> Work instructions
Output the entries below exactly as written, omitting pictures.

> Supplied entries
BEGIN
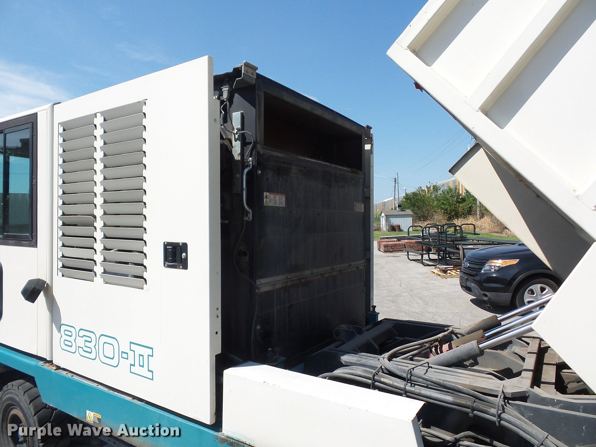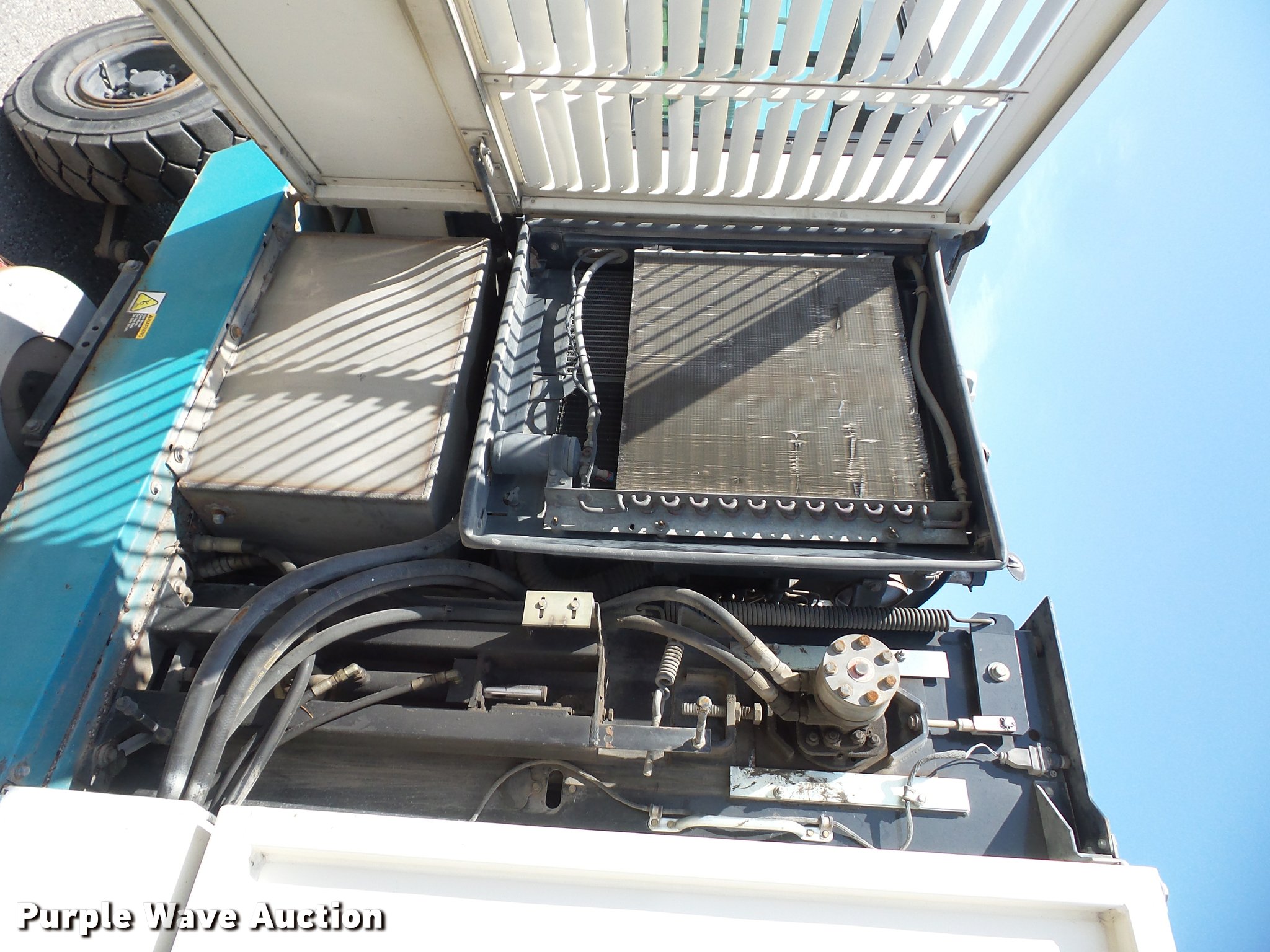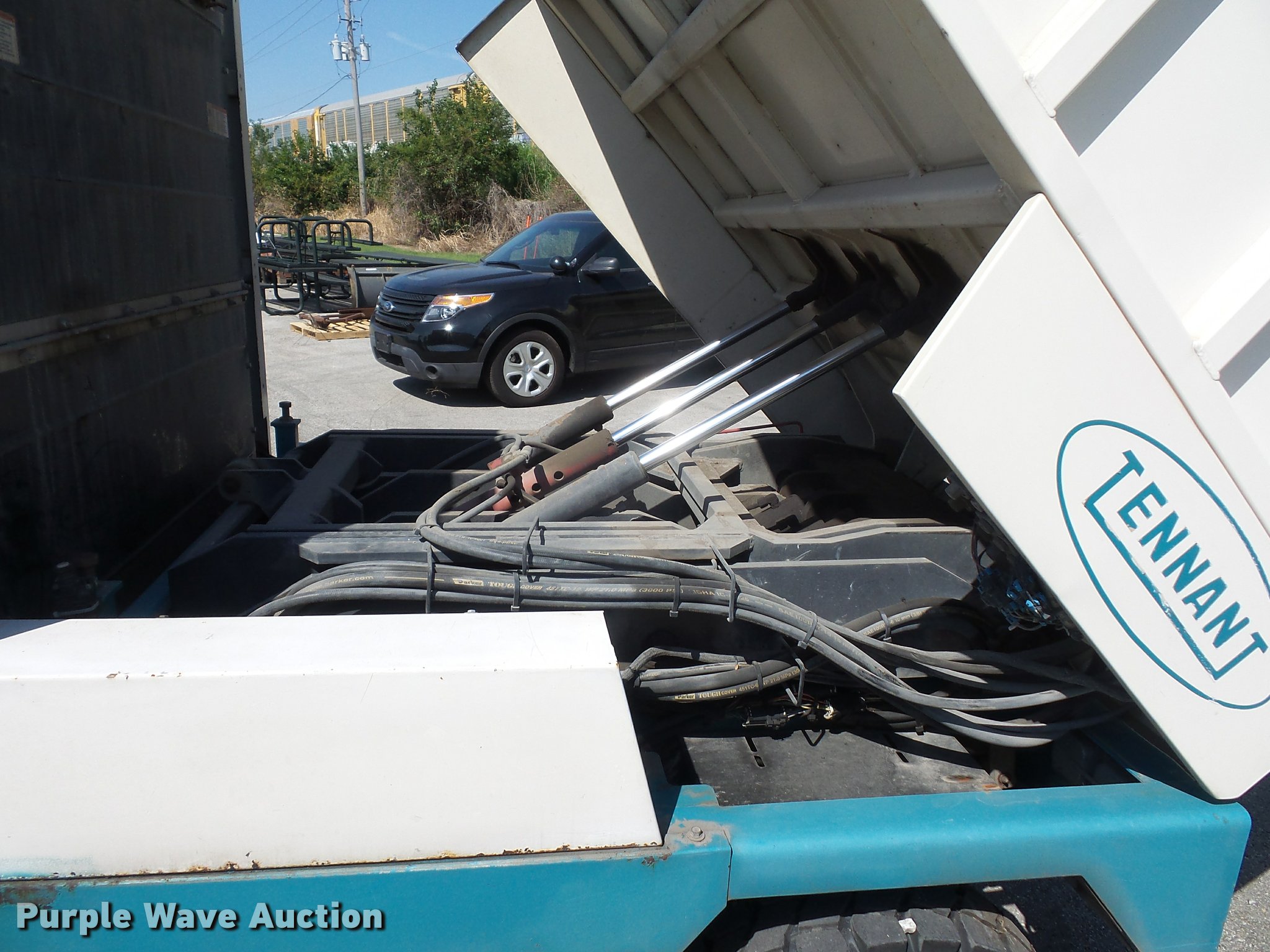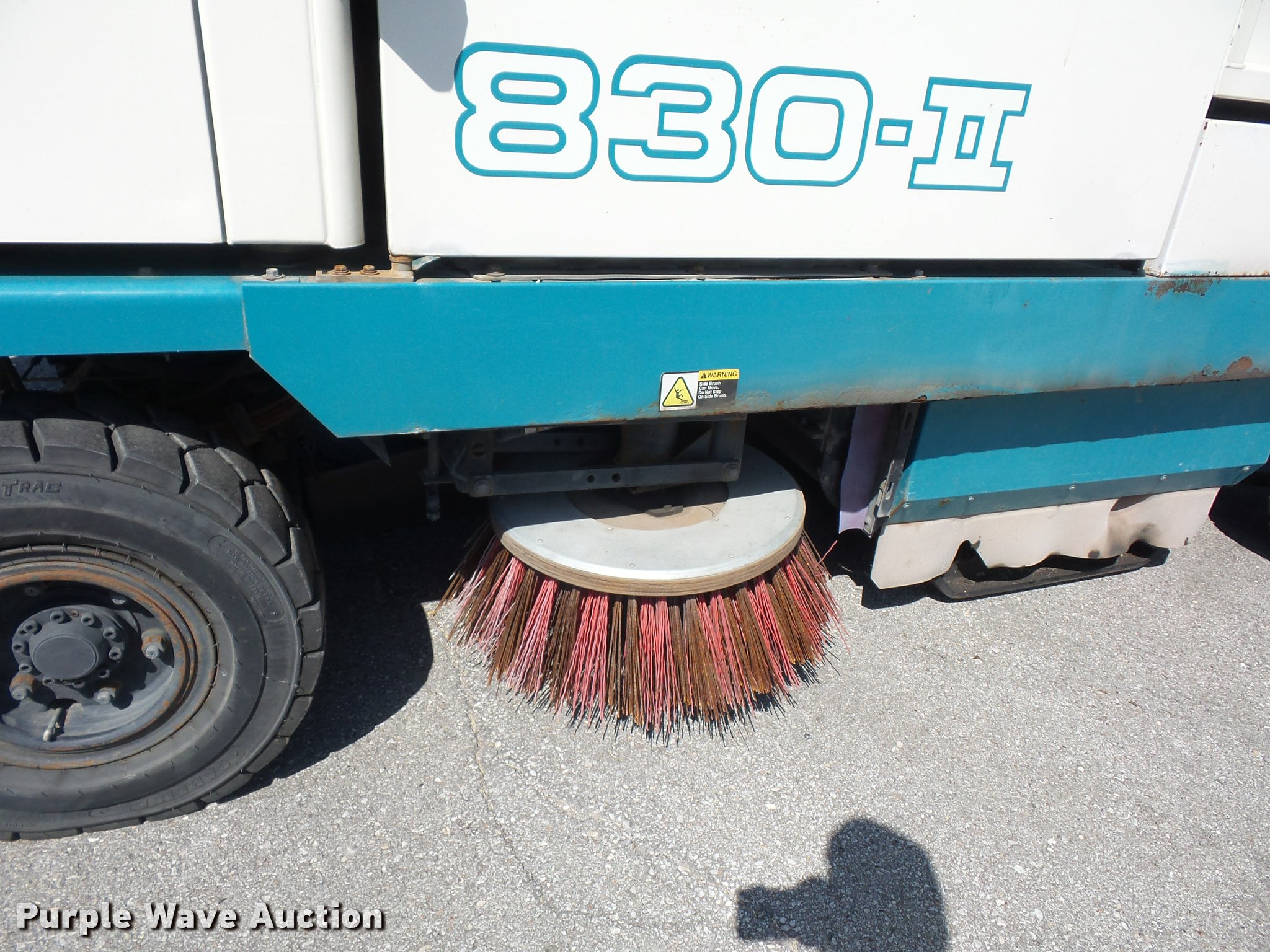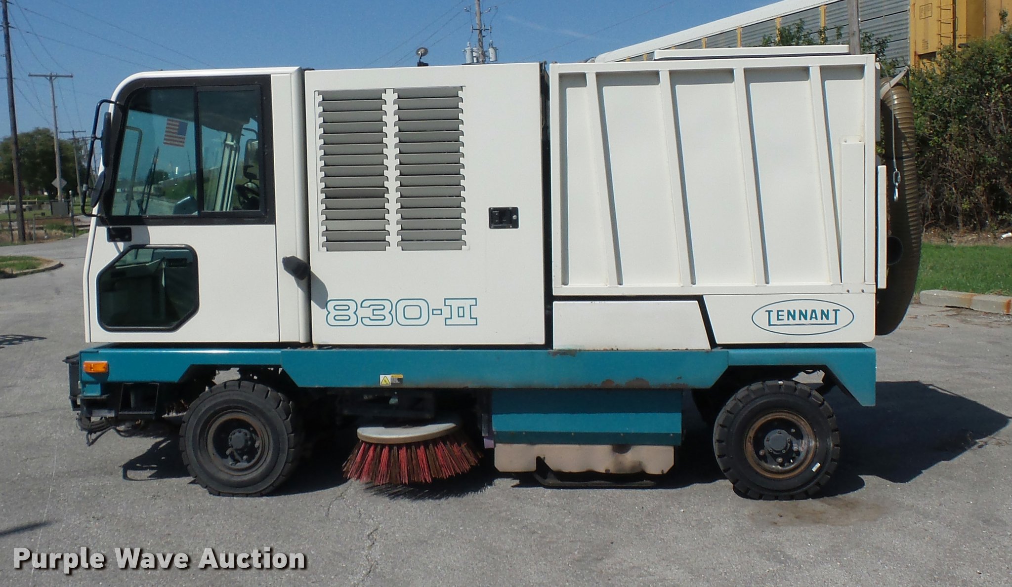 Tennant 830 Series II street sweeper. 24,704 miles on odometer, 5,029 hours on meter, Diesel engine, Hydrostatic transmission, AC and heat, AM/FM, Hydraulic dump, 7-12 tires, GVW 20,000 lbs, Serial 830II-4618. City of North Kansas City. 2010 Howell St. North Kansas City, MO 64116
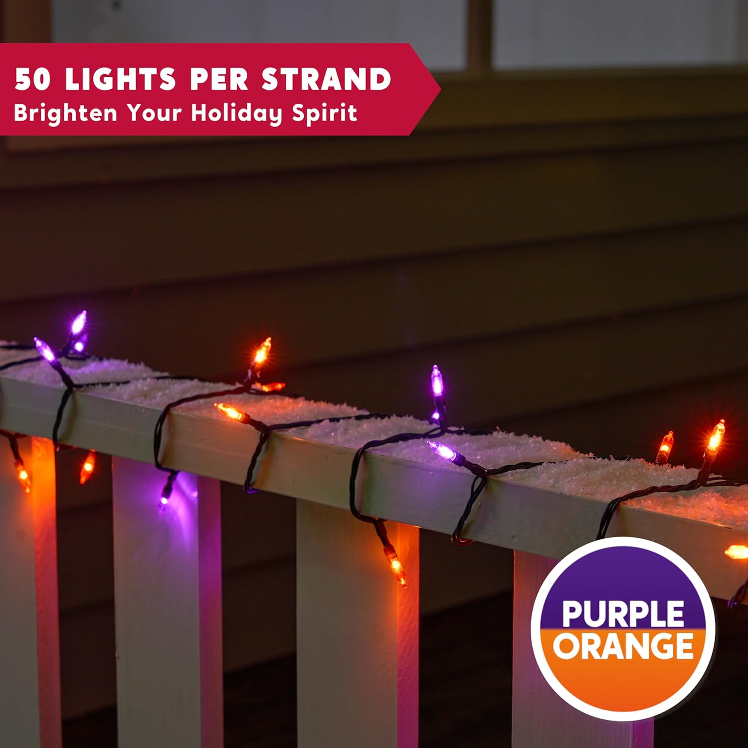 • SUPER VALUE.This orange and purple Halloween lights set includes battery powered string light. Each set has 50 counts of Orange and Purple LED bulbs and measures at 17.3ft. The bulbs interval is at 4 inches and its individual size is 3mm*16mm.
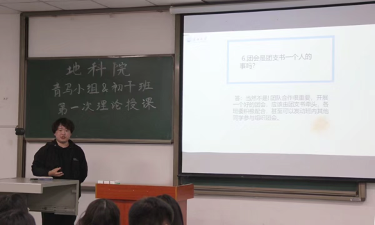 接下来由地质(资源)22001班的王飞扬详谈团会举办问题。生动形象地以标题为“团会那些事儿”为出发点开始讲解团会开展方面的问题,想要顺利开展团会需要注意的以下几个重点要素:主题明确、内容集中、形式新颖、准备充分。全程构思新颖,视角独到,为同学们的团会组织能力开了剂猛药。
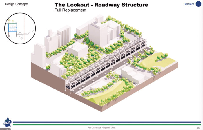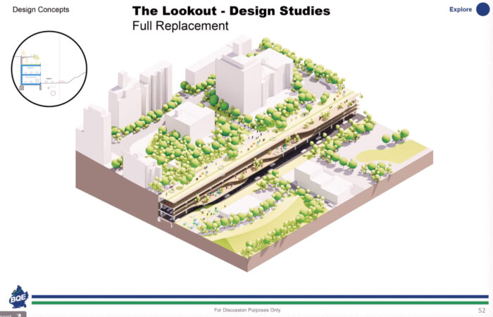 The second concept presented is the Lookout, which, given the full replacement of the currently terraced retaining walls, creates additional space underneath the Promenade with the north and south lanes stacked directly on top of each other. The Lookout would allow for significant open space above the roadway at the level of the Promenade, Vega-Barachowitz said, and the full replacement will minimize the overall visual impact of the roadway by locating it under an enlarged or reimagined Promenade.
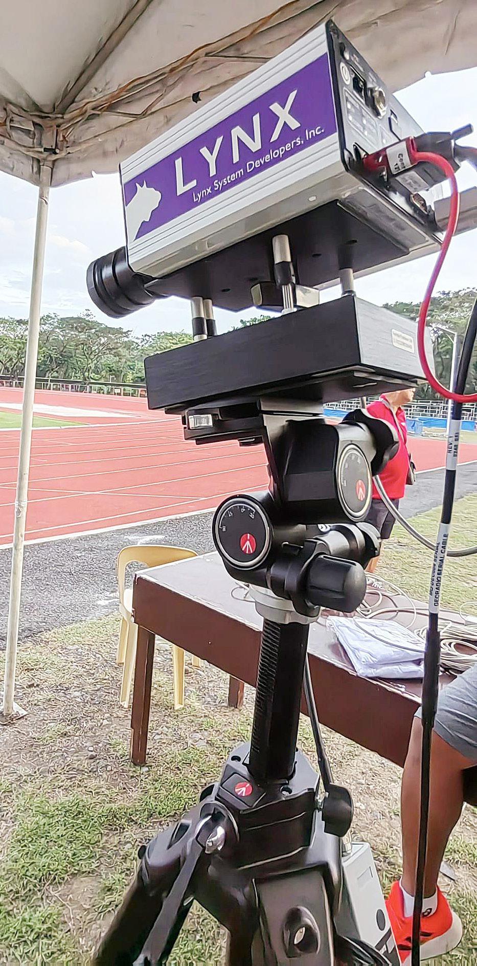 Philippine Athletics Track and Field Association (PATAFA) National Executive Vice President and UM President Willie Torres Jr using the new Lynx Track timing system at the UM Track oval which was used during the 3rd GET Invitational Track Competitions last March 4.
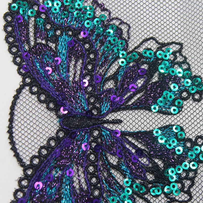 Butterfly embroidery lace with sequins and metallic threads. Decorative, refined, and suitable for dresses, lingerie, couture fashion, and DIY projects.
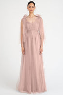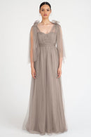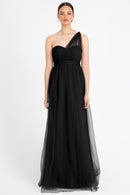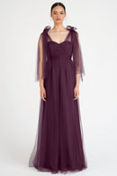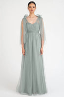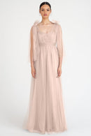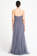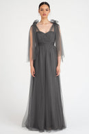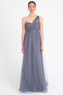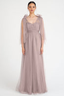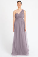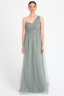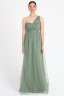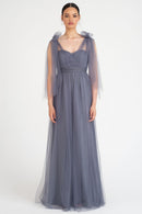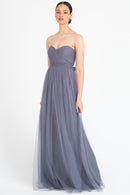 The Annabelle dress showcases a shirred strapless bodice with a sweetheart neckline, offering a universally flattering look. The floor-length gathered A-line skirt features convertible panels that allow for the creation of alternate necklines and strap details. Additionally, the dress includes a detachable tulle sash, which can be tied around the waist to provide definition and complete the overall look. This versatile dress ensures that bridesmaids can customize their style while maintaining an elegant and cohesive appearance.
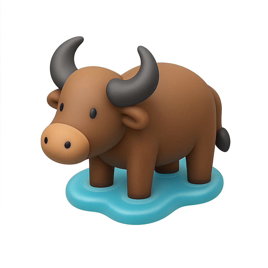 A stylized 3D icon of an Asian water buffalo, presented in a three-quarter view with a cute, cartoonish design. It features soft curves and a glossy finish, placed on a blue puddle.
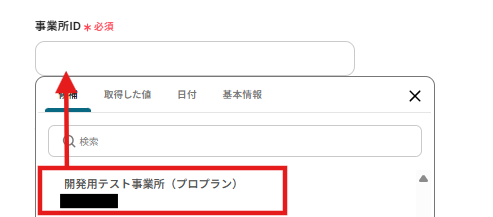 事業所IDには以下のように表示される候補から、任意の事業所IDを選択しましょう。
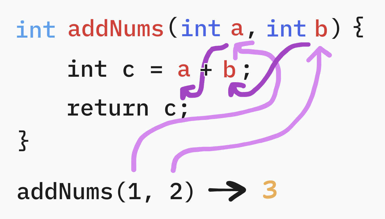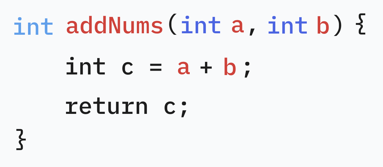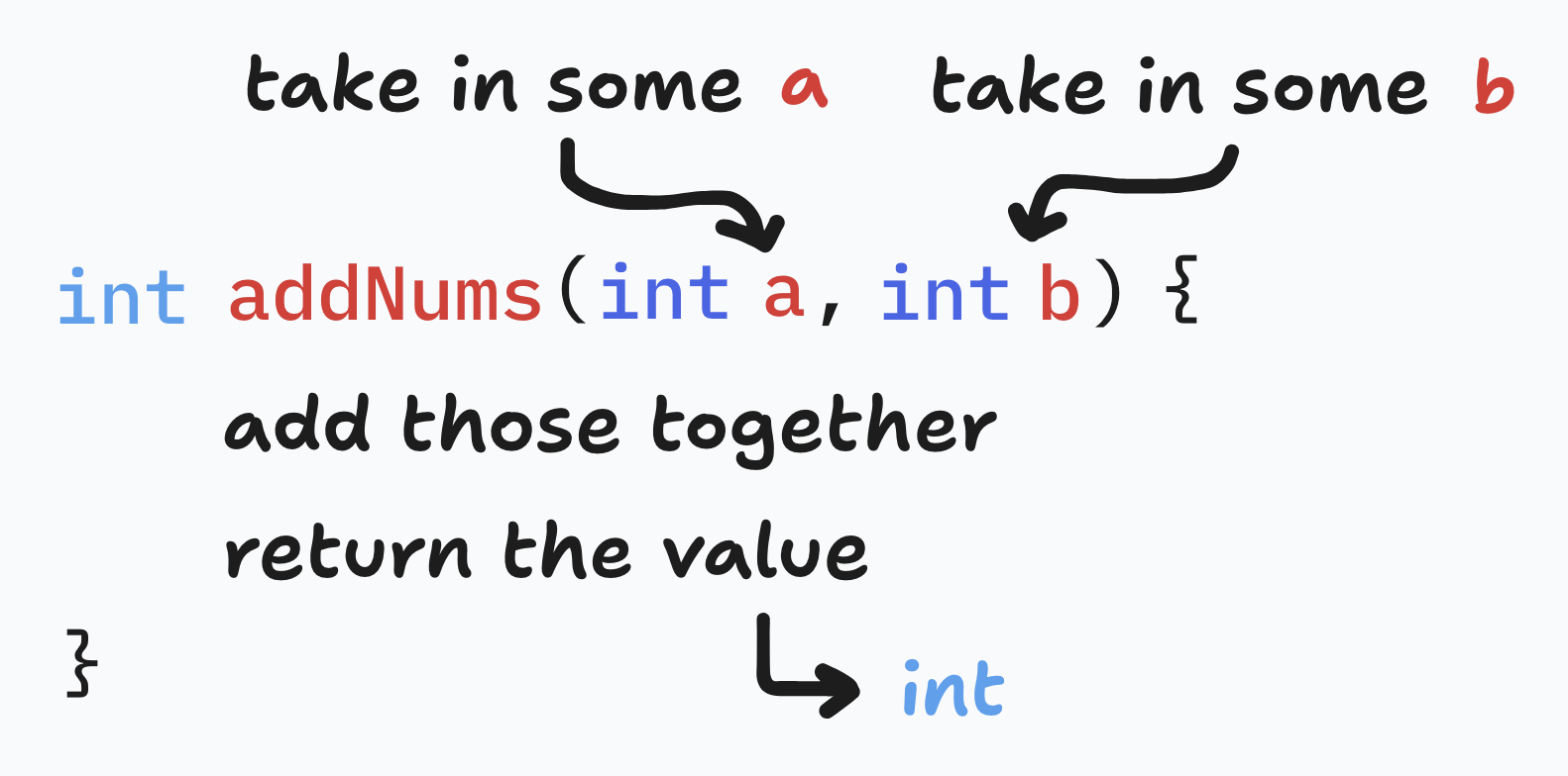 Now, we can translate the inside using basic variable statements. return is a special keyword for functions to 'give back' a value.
END
> Exercise response
 Tennant 830 Series II street sweeper. 24,704 miles on odometer, 5,029 hours on meter, Diesel engine, Hydrostatic transmission, AC and heat, AM/FM, Hydraulic dump, 7-12 tires, GVW 20,000 lbs, Serial 830II-4618. City of North Kansas City. 2010 Howell St. North Kansas City, MO 64116
 • SUPER VALUE.This orange and purple Halloween lights set includes battery powered string light. Each set has 50 counts of Orange and Purple LED bulbs and measures at 17.3ft. The bulbs interval is at 4 inches and its individual size is 3mm*16mm.
 接下来由地质(资源)22001班的王飞扬详谈团会举办问题。生动形象地以标题为“团会那些事儿”为出发点开始讲解团会开展方面的问题,想要顺利开展团会需要注意的以下几个重点要素:主题明确、内容集中、形式新颖、准备充分。全程构思新颖,视角独到,为同学们的团会组织能力开了剂猛药。
 The second concept presented is the Lookout, which, given the full replacement of the currently terraced retaining walls, creates additional space underneath the Promenade with the north and south lanes stacked directly on top of each other. The Lookout would allow for significant open space above the roadway at the level of the Promenade, Vega-Barachowitz said, and the full replacement will minimize the overall visual impact of the roadway by locating it under an enlarged or reimagined Promenade.
 Philippine Athletics Track and Field Association (PATAFA) National Executive Vice President and UM President Willie Torres Jr using the new Lynx Track timing system at the UM Track oval which was used during the 3rd GET Invitational Track Competitions last March 4.
 Butterfly embroidery lace with sequins and metallic threads. Decorative, refined, and suitable for dresses, lingerie, couture fashion, and DIY projects.
 The Annabelle dress showcases a shirred strapless bodice with a sweetheart neckline, offering a universally flattering look. The floor-length gathered A-line skirt features convertible panels that allow for the creation of alternate necklines and strap details. Additionally, the dress includes a detachable tulle sash, which can be tied around the waist to provide definition and complete the overall look. This versatile dress ensures that bridesmaids can customize their style while maintaining an elegant and cohesive appearance.
 A stylized 3D icon of an Asian water buffalo, presented in a three-quarter view with a cute, cartoonish design. It features soft curves and a glossy finish, placed on a blue puddle.
 事業所IDには以下のように表示される候補から、任意の事業所IDを選択しましょう。
 Now, we can translate the inside using basic variable statements. return is a special keyword for functions to 'give back' a value.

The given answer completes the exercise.